**To do**
For the records below, please print exactly and only the lines from the one with "Shimmer through your" down to the one with "Svenska Mässan vid", both ends included, omitting the pictures.

**Information shown**
○ ○ ○ ○ ○

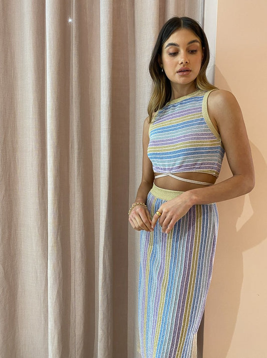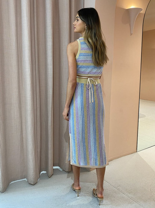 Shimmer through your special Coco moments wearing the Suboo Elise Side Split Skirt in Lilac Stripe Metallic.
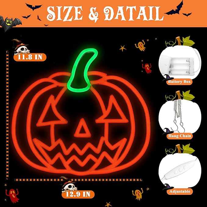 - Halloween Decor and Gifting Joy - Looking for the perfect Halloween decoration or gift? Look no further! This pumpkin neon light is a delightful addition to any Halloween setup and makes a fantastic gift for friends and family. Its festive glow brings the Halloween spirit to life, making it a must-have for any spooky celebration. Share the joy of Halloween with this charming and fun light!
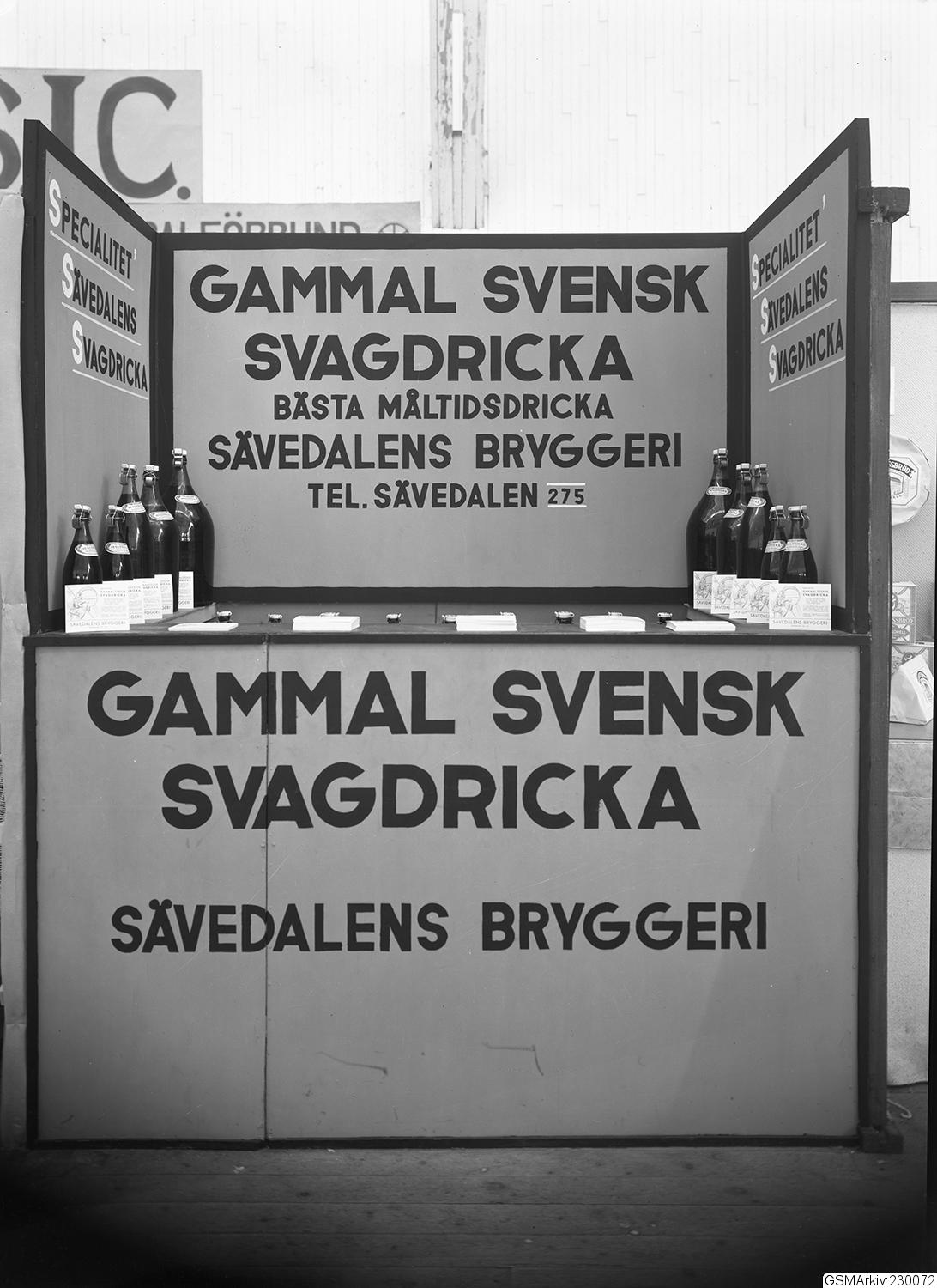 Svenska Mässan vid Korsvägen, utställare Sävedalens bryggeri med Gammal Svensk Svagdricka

○ ○ ○ ○ ○

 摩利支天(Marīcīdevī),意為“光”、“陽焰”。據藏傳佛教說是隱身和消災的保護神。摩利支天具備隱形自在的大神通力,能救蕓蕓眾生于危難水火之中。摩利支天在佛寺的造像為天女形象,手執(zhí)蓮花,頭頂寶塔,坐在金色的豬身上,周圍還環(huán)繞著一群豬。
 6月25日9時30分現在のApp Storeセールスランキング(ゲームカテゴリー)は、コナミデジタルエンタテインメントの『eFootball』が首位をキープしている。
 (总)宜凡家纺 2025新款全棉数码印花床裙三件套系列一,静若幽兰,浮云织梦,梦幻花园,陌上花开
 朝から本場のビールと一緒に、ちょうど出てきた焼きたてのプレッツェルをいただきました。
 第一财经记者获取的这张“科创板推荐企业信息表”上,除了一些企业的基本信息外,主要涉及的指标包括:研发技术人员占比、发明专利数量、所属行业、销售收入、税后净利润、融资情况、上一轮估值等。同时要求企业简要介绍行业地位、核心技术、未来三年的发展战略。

○ ○ ○ ○ ○

**Exercise output**
 Shimmer through your special Coco moments wearing the Suboo Elise Side Split Skirt in Lilac Stripe Metallic.
 - Halloween Decor and Gifting Joy - Looking for the perfect Halloween decoration or gift? Look no further! This pumpkin neon light is a delightful addition to any Halloween setup and makes a fantastic gift for friends and family. Its festive glow brings the Halloween spirit to life, making it a must-have for any spooky celebration. Share the joy of Halloween with this charming and fun light!
 Svenska Mässan vid Korsvägen, utställare Sävedalens bryggeri med Gammal Svensk Svagdricka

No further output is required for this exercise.